## What the task asks:
All lines before the one containing "Chart 2: BTC", plus that line itself, are to be printed exactly as they appear below.

*** Opening Supplied data ***

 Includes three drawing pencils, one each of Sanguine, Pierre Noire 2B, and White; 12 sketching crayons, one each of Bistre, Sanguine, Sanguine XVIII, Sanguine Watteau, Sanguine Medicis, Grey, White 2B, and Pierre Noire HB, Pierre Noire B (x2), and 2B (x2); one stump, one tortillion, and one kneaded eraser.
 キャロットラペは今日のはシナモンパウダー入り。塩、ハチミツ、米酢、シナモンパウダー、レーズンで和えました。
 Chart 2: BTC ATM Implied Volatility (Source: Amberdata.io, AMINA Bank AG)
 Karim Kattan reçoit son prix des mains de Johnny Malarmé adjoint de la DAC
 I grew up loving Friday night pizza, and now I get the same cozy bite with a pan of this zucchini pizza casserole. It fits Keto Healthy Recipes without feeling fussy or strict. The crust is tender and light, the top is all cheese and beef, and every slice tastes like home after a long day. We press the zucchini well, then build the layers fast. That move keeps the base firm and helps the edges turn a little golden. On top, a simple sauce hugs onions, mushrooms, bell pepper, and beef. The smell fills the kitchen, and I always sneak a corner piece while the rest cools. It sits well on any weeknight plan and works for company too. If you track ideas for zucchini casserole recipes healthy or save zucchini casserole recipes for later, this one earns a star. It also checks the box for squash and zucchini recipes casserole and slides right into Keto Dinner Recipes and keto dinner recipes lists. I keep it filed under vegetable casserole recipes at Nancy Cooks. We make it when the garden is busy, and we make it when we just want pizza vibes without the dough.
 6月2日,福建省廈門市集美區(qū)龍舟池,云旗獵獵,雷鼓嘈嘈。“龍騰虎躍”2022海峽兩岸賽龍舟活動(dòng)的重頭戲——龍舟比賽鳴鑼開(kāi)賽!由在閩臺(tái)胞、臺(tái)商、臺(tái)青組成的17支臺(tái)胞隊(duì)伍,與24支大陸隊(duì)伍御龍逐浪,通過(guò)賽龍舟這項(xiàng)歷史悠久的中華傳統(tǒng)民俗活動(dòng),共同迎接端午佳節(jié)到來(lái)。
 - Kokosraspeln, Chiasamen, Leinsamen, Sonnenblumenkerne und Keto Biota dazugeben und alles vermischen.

*** Closing Supplied data ***

## Your solution:
 Includes three drawing pencils, one each of Sanguine, Pierre Noire 2B, and White; 12 sketching crayons, one each of Bistre, Sanguine, Sanguine XVIII, Sanguine Watteau, Sanguine Medicis, Grey, White 2B, and Pierre Noire HB, Pierre Noire B (x2), and 2B (x2); one stump, one tortillion, and one kneaded eraser.
 キャロットラペは今日のはシナモンパウダー入り。塩、ハチミツ、米酢、シナモンパウダー、レーズンで和えました。
 Chart 2: BTC ATM Implied Volatility (Source: Amberdata.io, AMINA Bank AG)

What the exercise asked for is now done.